Let s briefly look at another way of performing segmentation based on graphs.

This time, let s assume we want to segment an image into its foreground and background (2 clusters) and we can utilize a quick help from the user. The user can draw a few lines/markers on the image specifying a few regions which belong to the foreground or background (white and red strokes, respectively). How could we solve this problem now? How to incorporate the user input and encourage the segmentation results to be consistent with it and yield the foreground and background?

We can solve this by defining a labeling problem (L) in which we label each pixel with either 0 or 1, representing background and foreground, respectively. We then define an energy function that assigns an energy to each feasible labeling instance (L). The labeling instance L with the lowest energy corresponds to the desired segmentation. In high-level, there are two terms in this energy function, and they re mixed using a linear mixture. Lambda is the linear mixture constant specifying the contribution of each term in the final energy. The first terms is the match cost which specifies how likely it is for one pixel to be labeled as either foreground or background. This is usually acquired through matching the similarity of the pixel to the user specified regions. The second term is the smoothness cost. This is similar to the coherency cues we discussed in the previous segmentation methods. This term encourages the segments to be smooth and coherent.

For a given image with sample user inputs, here we show the corresponding energies for each pixel to belong to either foreground or background (i.e., the match cost in the energy function). The local inconsistencies and spurious outliers are expected to be recovered using the smoothness cost.

One popular example of this class of segmentation methods is GrabCut, introduced in 2004 by Rother et al.. It receives a boundary from the user for the foreground and segments it out. It works quite well and is implemented in Microsoft PowerPoint! The Remove Background feature in PowerPoint is in fact GrabCut.
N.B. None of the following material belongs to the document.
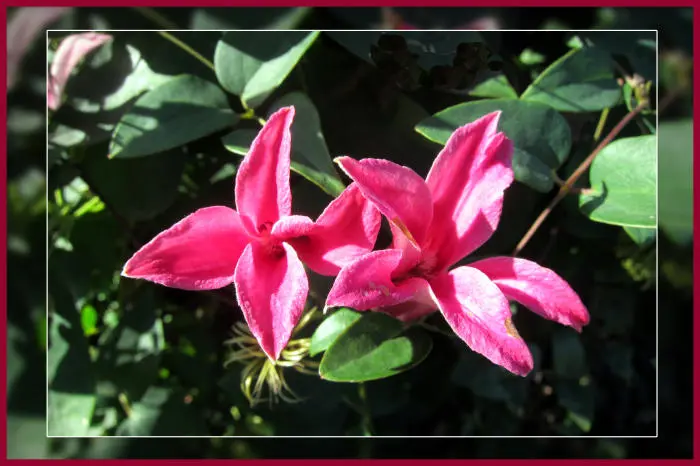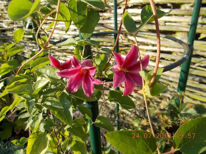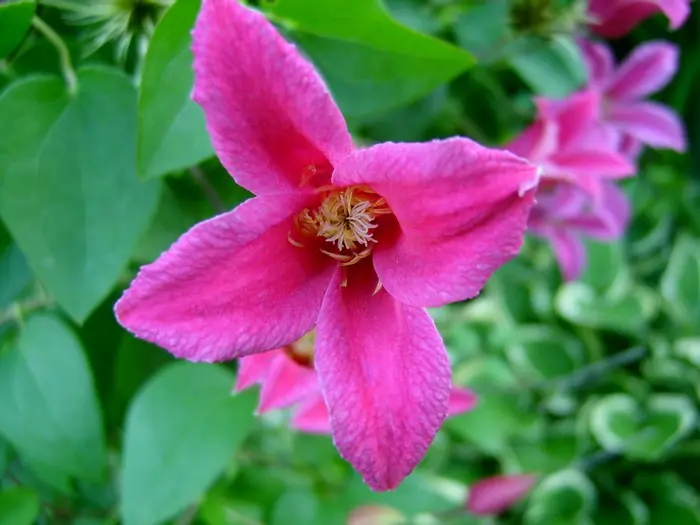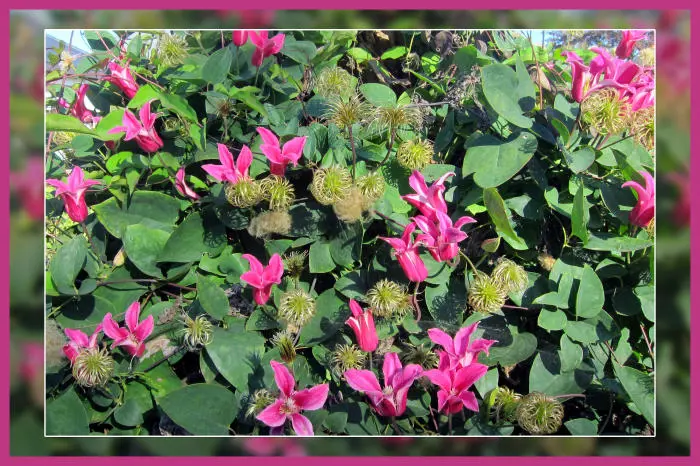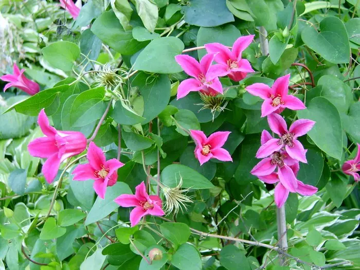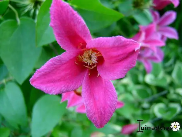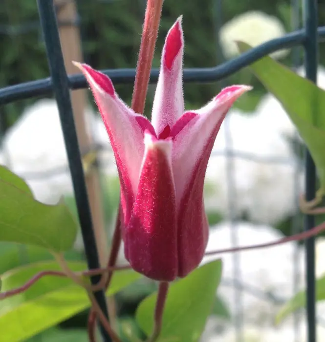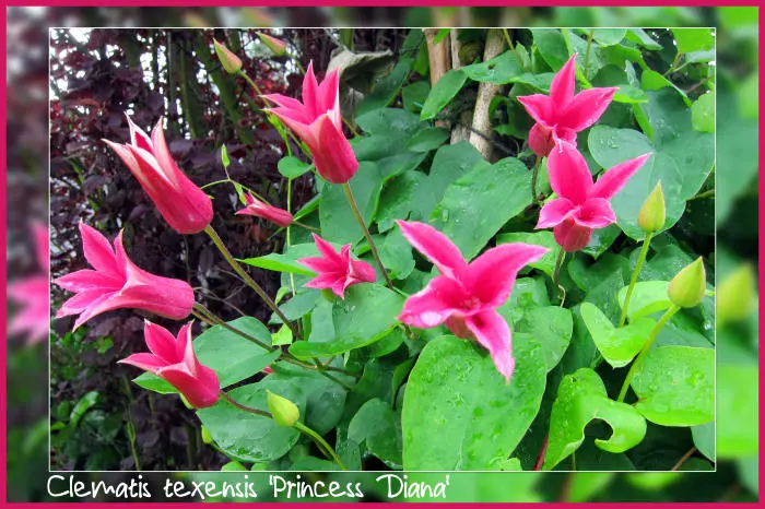 Clematis texensis ´Princess Diana´ bloeit met tulpachtige felroze bloemen en hebben een opvallende middenstreep op de bloemblaadjes.

What we discussed so far was almost entirely bottom up segmentation. As you saw, the resulting segments might not have any high level and semantic meaning. Let s look at a couple of semantic segmentation methods briefly. You ll see more about this topic and scene understanding in the next lectures.

Semantic segmentation seeks the segments in the image that have a semantic meaning, e.g., all pixels on one object, while the appearance of those pixels may not be that coherent. In order to solve this problem, we need to define semantics and develop an algorithm that has a notion of it. This is usually where machine learning comes into the picture. One recent and popular way of solving this problem is using fully convolutional neural networks. The neural network receives an image as its input and returns a perpixel mask in the output, where each pixel is labeled with its semantic class. This is solved through a series of consecutive convolution operations. The parameters of the convolutions are entirely learned using a fully supervised dataset; that s why they re expected to have a notion of semantics, objects, and whatever high-level label they ve seen in their training data.

Duygulu et al. also proposed a nominal method in this context back in 2002. The overall goal is similar to what we discussed so far in topdown segmentation. Their method is centered around finding a mapping between a set of regions in the image and keywords supplied with the image using EM. The result is the regions in the image along with their corresponding semantic keyword.

Another popular method for semantic segmentation belongs to Ladicky et al. While their overall goal is the same as previously overviewed methods, their main distinction is using a hierarchical random field model that enables integration of features from various levels of quantization from the image. There are a large number of other well-known semantic segmentation methods out there that we don t have time to overview in this lecture, but the few that we showed should establish what they seek and what their conceptual requirements are.